Bases: astropy.coordinates.BaseEclipticFrame

Geocentric mean ecliptic coordinates. These origin of the coordinates are the geocenter (Earth), with the x axis pointing to the mean (not true) equinox at the time specified by the equinox attribute, and the xy-plane in the plane of the ecliptic for that date.

Be aware that the definition of “geocentric” here means that this frame includes light deflection from the sun, aberration, etc when transforming to/from e.g. ICRS.

The frame attributes are listed under Other Parameters.

Parameters:
data : BaseRepresentation subclass instance

A representation object or None to have no data (or use the coordinate component arguments, see below).

lon : Angle, optional, must be keyword

The ecliptic longitude for this object (lat must also be given and representation must be None).

lat : Angle, optional, must be keyword

The ecliptic latitude for this object (lon must also be given and representation must be None).

distance : Quantity, optional, must be keyword

The distance for this object from the geocenter. (representation must be None).

pm_lon_coslat : Angle, optional, must be keyword

The proper motion in the ecliptic longitude (including the cos(lat) factor) for this object (pm_lat must also be given).
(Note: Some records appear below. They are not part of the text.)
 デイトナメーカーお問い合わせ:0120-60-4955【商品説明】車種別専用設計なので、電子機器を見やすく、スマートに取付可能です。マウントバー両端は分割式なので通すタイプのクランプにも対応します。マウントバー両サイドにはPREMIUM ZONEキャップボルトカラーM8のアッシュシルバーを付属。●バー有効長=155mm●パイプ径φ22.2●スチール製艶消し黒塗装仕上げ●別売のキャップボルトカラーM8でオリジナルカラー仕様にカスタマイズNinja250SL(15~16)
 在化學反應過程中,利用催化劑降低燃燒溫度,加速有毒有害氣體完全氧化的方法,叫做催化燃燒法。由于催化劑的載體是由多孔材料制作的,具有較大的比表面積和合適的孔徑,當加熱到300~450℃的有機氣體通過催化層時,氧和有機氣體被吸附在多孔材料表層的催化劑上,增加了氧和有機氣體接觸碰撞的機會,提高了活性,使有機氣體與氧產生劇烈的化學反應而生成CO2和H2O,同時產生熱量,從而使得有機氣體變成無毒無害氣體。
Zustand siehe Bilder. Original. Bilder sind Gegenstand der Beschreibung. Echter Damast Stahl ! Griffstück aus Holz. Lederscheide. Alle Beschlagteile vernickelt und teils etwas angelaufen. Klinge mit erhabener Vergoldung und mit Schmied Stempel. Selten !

pm_lat : Angle, optional, must be keyword

The proper motion in the ecliptic latitude for this object (pm_lon_coslat must also be given).
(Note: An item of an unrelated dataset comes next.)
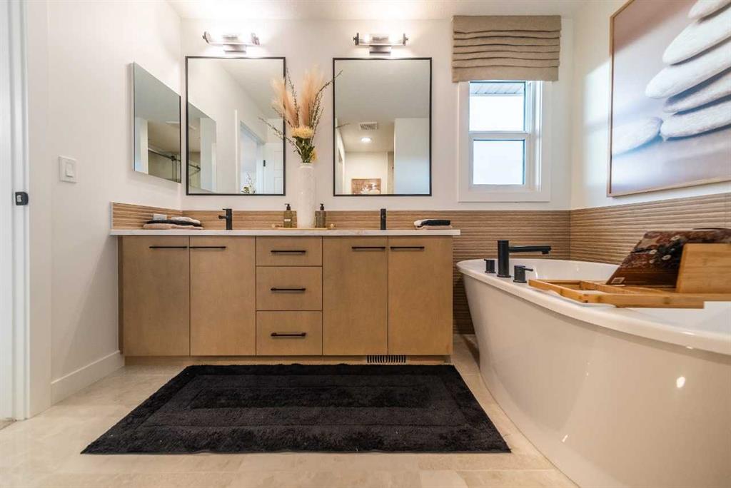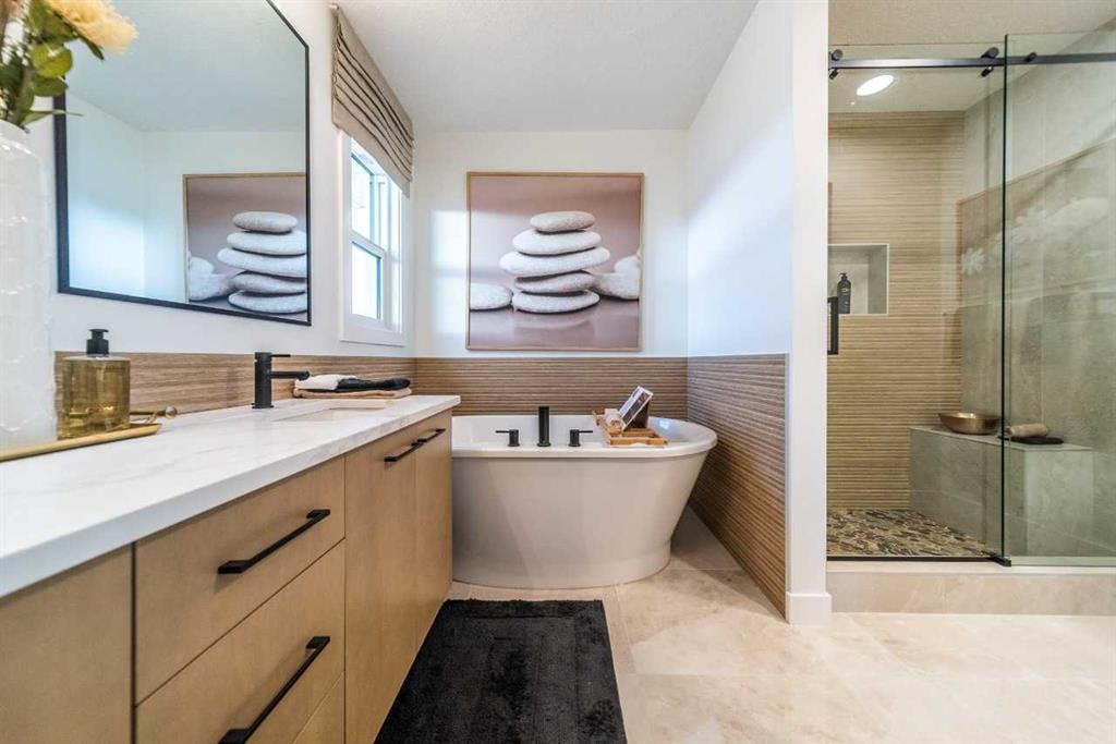 Built by a trusted builder with over 70 years of experience, this home showcases on-trend, designer-curated interior selections tailored for a home that feels personalized to you. Energy efficient and smart home features, plus moving concierge services included. Experience upscale living in this thoughtfully designed home backing greenspace. Brightened by additional windows, this home features an executive kitchen with built-in stainless steel appliances, gas cooktop, waterfall island with pendants, and a walk-in pantry with MDF shelving and french door. The main floor offers LVP flooring, 8′ doors, a flex room with french door, a mudroom with built-ins, and a gas fireplace with a maple mantle. Upstairs includes a vaulted bonus room and a primary bedroom with tray ceiling and a 5-piece ensuite with tiled shower, barn door, tile flooring, black fixtures, and a bank of drawers. Maple railing with iron spindles and a full-width vinyl deck complete this beautifully upgraded home. This energy-efficient home is Built Green certified and includes triple-pane windows, a high-efficiency furnace, and a solar chase for a solar-ready setup. With blower door testing that may be eligible for up to 25% mortgage insurance savings, plus an electric car charger rough-in, it’s designed for sustainable, future-forward living. Featuring a full range of smart home technology, this home includes a programmable thermostat, ring camera doorbell, smart front door lock, smart and motion-activated switches—all seamlessly controlled via an Amazon Alexa touchscreen hub. Photos are representative.

radial_velocity : Quantity, optional, must be keyword

The radial velocity of this object.

representation_type : BaseRepresentation subclass, str, optional

A representation class or string name of a representation class. This sets the expected input representation class, thereby changing the expected keyword arguments for the data passed in. For example, passing representation_type='cartesian' will make the classes expect position data with cartesian names, i.e. x, y, z in most cases unless overriden via frame_specific_representation_info. To see this frame’s names, check out <this frame>().representation_info.
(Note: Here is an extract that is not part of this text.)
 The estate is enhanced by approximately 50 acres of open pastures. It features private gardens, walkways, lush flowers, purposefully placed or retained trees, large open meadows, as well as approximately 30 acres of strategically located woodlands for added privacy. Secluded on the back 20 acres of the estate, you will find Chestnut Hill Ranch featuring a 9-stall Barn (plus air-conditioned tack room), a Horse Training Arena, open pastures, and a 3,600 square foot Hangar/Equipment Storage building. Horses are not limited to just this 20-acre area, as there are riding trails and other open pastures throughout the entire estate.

differential_type : BaseDifferential subclass, str, dict, optional

A differential class or dictionary of differential classes (currently only a velocity differential with key ‘s’ is supported). This sets the expected input differential class, thereby changing the expected keyword arguments of the data passed in. For example, passing differential_type='cartesian' will make the classes expect velocity data with the argument names v_x, v_y, v_z unless overriden via frame_specific_representation_info. To see this frame’s names, check out <this frame>().representation_info.

copy : bool, optional

If True (default), make copies of the input coordinate arrays. Can only be passed in as a keyword argument.

Other Parameters:
 
equinox : Time, optional

The date to assume for this frame. Determines the location of the x-axis and the location of the Earth (necessary for transformation to non-geocentric systems). Defaults to the ‘J2000’ equinox.

obstime : Time, optional

The time at which the observation is taken. Used for determining the position of the Earth. Defaults to J2000.

Attributes Summary

default_differential
default_representation
equinox
frame_attributes
frame_specific_representation_info
name
obstime

Attributes Documentation

default_differential
default_representation
equinox = <Time object: scale='tt' format='jyear_str' value=J2000.000>
frame_attributes = {'equinox': <astropy.coordinates.attributes.TimeAttribute object>, 'obstime': <astropy.coordinates.attributes.TimeAttribute object>}
frame_specific_representation_info
name = 'geocentricmeanecliptic'
obstime = <Time object: scale='tt' format='jyear_str' value=J2000.000>